WHAT TO WORK ON> Your task is to repeat exactly the lines below between the line holding "今回のルールは、1ゲーム目は練習、2ゲーム目は二人一組のチーム戦、" and the line holding "Fototapeta premium Soil", inclusive, and only those.

GIVEN DATA>

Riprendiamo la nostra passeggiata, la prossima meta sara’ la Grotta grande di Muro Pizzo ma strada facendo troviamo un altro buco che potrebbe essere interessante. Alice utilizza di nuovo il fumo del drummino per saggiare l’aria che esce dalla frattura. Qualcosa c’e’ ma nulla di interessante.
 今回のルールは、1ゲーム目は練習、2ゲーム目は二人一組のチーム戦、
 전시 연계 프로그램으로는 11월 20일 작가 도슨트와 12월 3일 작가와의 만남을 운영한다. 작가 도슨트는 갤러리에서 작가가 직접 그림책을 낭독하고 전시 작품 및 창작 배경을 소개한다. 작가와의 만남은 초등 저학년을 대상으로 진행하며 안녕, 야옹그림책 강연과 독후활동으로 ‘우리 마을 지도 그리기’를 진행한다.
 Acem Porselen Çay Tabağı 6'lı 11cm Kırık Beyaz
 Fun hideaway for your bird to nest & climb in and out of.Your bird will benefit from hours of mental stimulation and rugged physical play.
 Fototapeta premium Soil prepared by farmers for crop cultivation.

...

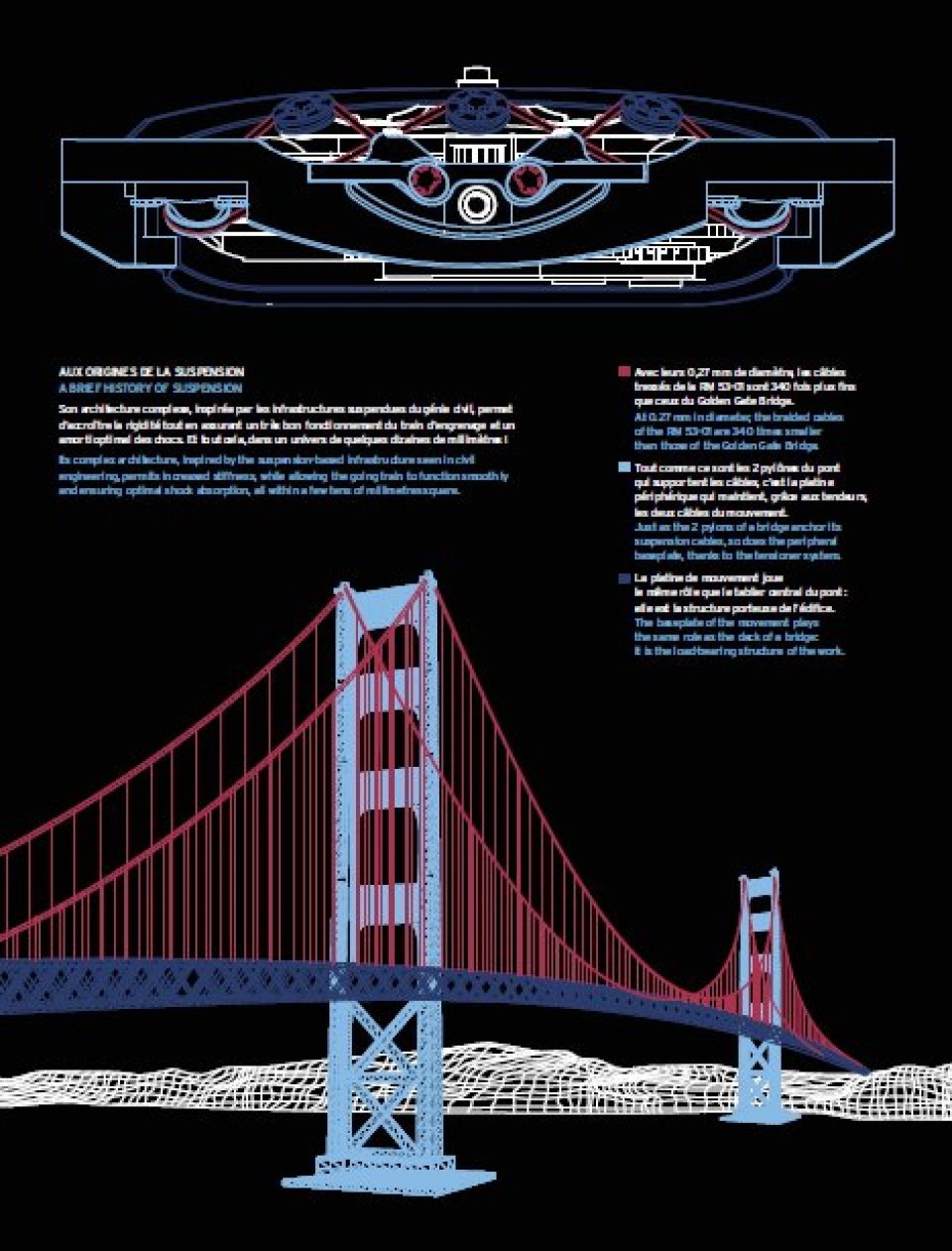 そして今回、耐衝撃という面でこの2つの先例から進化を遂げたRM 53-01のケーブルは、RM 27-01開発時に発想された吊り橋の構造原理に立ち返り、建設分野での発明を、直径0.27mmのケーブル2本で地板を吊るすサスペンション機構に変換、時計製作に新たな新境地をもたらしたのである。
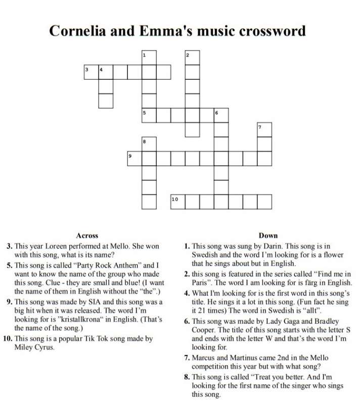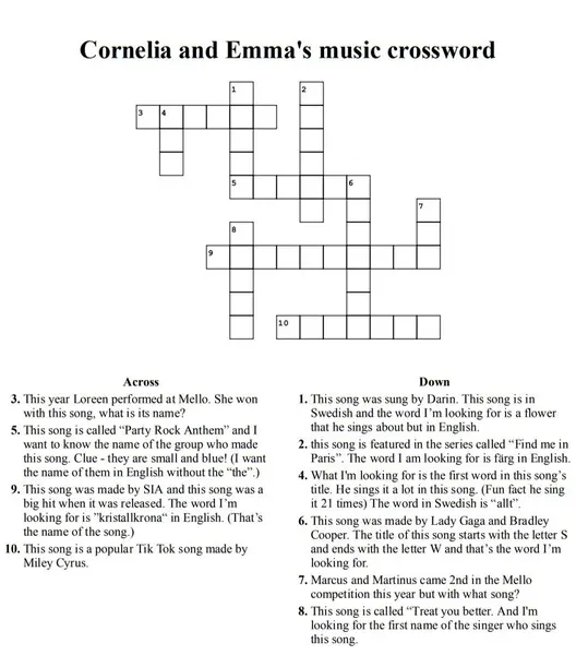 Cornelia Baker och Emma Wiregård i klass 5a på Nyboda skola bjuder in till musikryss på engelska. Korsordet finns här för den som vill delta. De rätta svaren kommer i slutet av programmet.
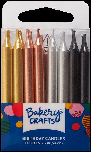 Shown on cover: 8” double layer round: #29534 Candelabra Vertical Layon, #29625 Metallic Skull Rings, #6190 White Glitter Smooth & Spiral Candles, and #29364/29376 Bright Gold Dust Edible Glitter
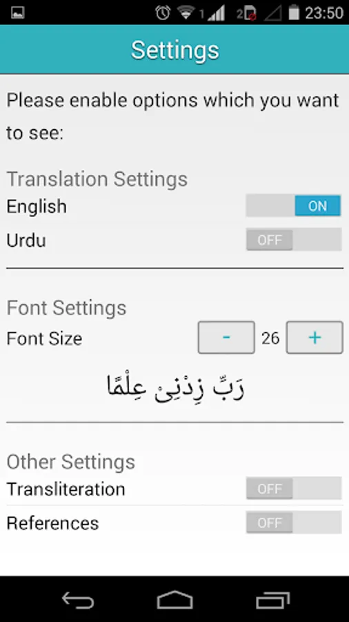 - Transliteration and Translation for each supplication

--

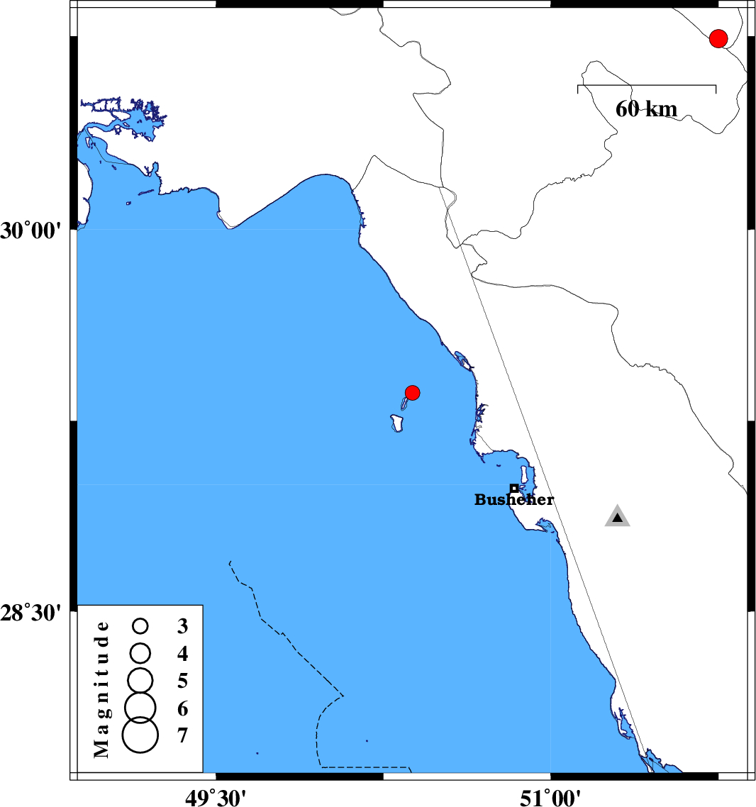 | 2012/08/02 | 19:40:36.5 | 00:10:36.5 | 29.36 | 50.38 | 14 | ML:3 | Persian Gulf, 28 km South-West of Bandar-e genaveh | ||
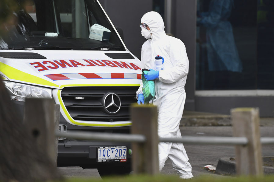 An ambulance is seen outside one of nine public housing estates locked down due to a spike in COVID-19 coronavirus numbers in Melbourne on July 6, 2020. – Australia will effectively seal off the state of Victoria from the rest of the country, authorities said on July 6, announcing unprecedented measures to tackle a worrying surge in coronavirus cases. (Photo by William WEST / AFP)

ANSWER SPACE>
 今回のルールは、1ゲーム目は練習、2ゲーム目は二人一組のチーム戦、
 전시 연계 프로그램으로는 11월 20일 작가 도슨트와 12월 3일 작가와의 만남을 운영한다. 작가 도슨트는 갤러리에서 작가가 직접 그림책을 낭독하고 전시 작품 및 창작 배경을 소개한다. 작가와의 만남은 초등 저학년을 대상으로 진행하며 안녕, 야옹그림책 강연과 독후활동으로 ‘우리 마을 지도 그리기’를 진행한다.
 Acem Porselen Çay Tabağı 6'lı 11cm Kırık Beyaz
 Fun hideaway for your bird to nest & climb in and out of.Your bird will benefit from hours of mental stimulation and rugged physical play.
 Fototapeta premium Soil prepared by farmers for crop cultivation.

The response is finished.